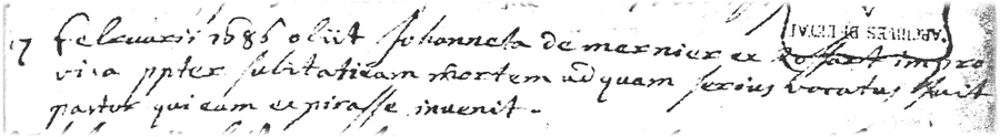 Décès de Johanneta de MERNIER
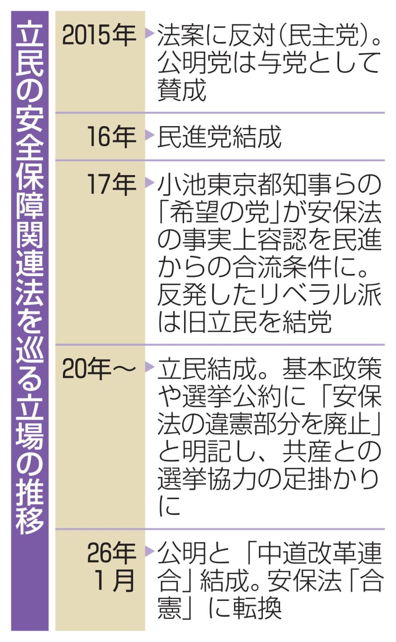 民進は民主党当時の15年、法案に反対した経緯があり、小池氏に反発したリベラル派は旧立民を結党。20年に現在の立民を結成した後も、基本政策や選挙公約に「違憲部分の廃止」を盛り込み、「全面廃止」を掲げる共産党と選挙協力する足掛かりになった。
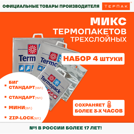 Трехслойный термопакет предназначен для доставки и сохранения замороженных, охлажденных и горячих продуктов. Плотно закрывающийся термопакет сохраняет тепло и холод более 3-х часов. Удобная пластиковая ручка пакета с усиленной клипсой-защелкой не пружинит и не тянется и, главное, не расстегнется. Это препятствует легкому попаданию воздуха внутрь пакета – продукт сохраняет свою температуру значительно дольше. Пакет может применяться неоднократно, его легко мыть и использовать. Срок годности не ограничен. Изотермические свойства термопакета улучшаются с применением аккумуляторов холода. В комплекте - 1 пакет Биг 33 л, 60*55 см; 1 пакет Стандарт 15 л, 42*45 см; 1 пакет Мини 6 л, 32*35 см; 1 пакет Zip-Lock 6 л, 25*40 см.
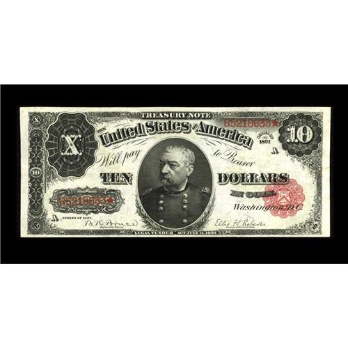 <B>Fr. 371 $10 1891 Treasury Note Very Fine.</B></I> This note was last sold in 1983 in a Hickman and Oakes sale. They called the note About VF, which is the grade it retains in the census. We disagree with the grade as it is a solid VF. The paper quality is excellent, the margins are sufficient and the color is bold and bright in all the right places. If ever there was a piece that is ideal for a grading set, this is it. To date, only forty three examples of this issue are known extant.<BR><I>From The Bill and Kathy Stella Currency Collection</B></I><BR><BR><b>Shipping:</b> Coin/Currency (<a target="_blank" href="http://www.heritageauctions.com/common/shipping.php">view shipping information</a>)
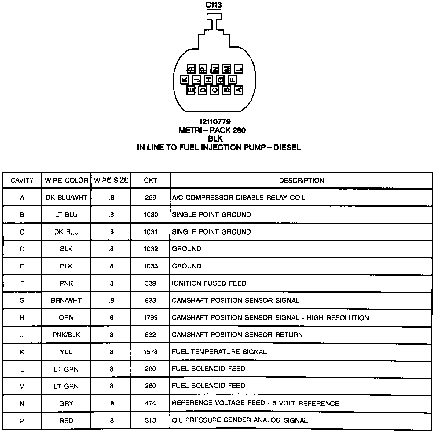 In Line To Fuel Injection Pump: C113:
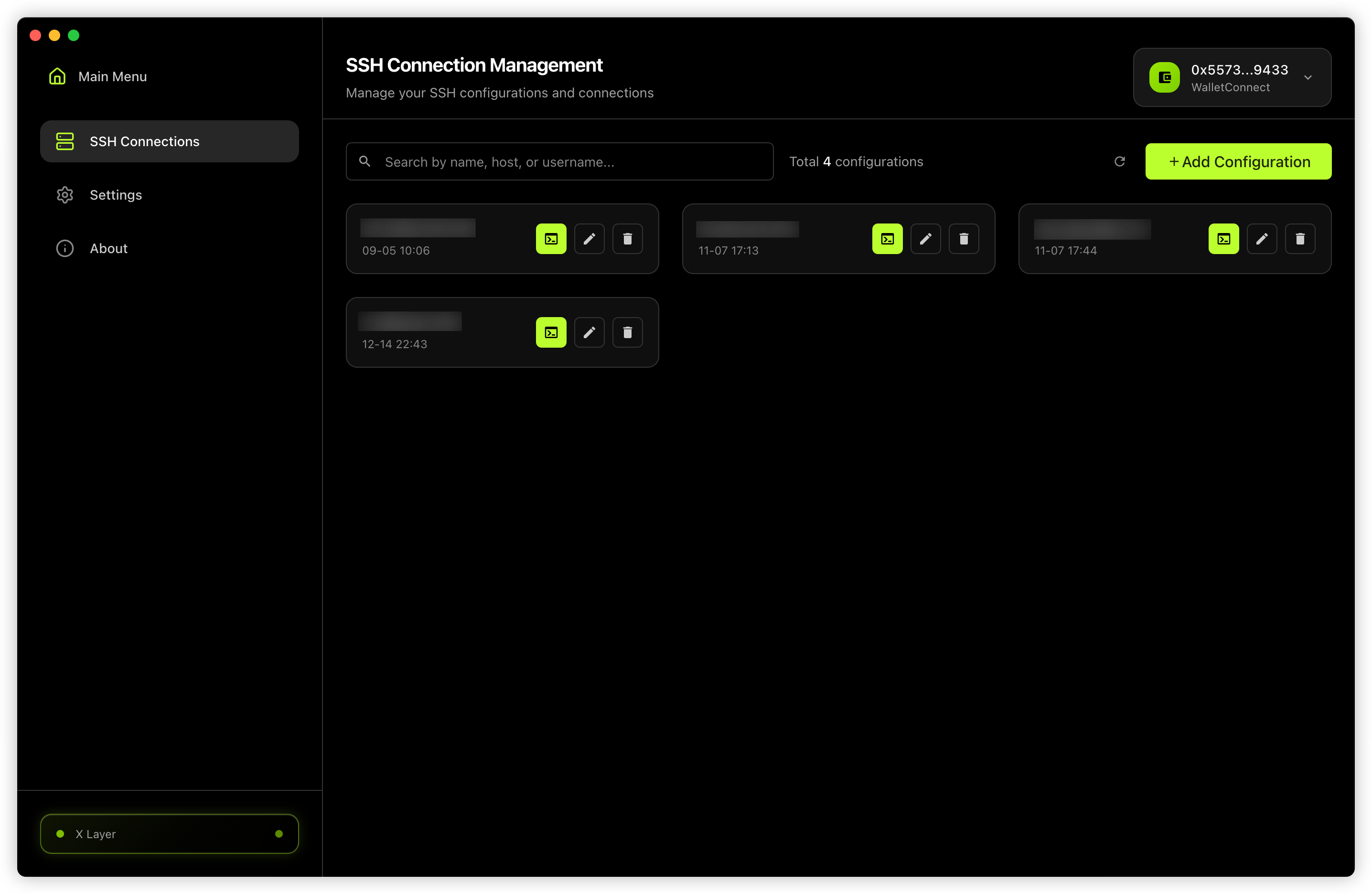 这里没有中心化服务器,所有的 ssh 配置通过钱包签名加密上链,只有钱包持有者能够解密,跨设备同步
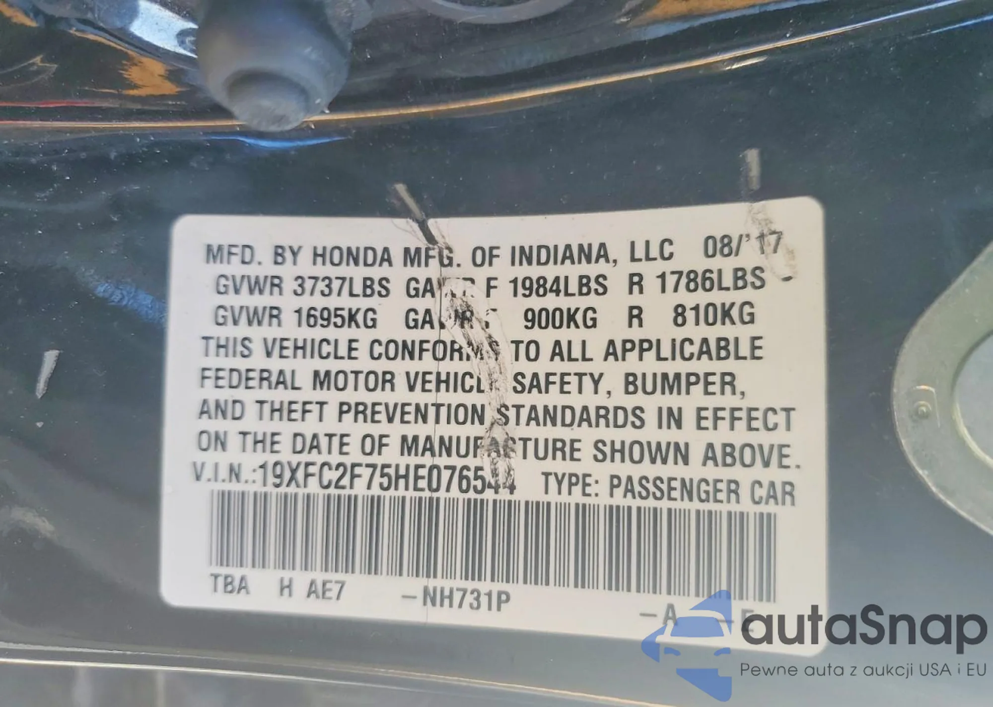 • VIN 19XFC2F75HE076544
-----
Exercise brief -
Could you write out the whole listing exactly, dropping the pictures?

Worked solution -
 Décès de Johanneta de MERNIER
 民進は民主党当時の15年、法案に反対した経緯があり、小池氏に反発したリベラル派は旧立民を結党。20年に現在の立民を結成した後も、基本政策や選挙公約に「違憲部分の廃止」を盛り込み、「全面廃止」を掲げる共産党と選挙協力する足掛かりになった。
 Трехслойный термопакет предназначен для доставки и сохранения замороженных, охлажденных и горячих продуктов. Плотно закрывающийся термопакет сохраняет тепло и холод более 3-х часов. Удобная пластиковая ручка пакета с усиленной клипсой-защелкой не пружинит и не тянется и, главное, не расстегнется. Это препятствует легкому попаданию воздуха внутрь пакета – продукт сохраняет свою температуру значительно дольше. Пакет может применяться неоднократно, его легко мыть и использовать. Срок годности не ограничен. Изотермические свойства термопакета улучшаются с применением аккумуляторов холода. В комплекте - 1 пакет Биг 33 л, 60*55 см; 1 пакет Стандарт 15 л, 42*45 см; 1 пакет Мини 6 л, 32*35 см; 1 пакет Zip-Lock 6 л, 25*40 см.
 <B>Fr. 371 $10 1891 Treasury Note Very Fine.</B></I> This note was last sold in 1983 in a Hickman and Oakes sale. They called the note About VF, which is the grade it retains in the census. We disagree with the grade as it is a solid VF. The paper quality is excellent, the margins are sufficient and the color is bold and bright in all the right places. If ever there was a piece that is ideal for a grading set, this is it. To date, only forty three examples of this issue are known extant.<BR><I>From The Bill and Kathy Stella Currency Collection</B></I><BR><BR><b>Shipping:</b> Coin/Currency (<a target="_blank" href="http://www.heritageauctions.com/common/shipping.php">view shipping information</a>)
 In Line To Fuel Injection Pump: C113:
 这里没有中心化服务器,所有的 ssh 配置通过钱包签名加密上链,只有钱包持有者能够解密,跨设备同步
 • VIN 19XFC2F75HE076544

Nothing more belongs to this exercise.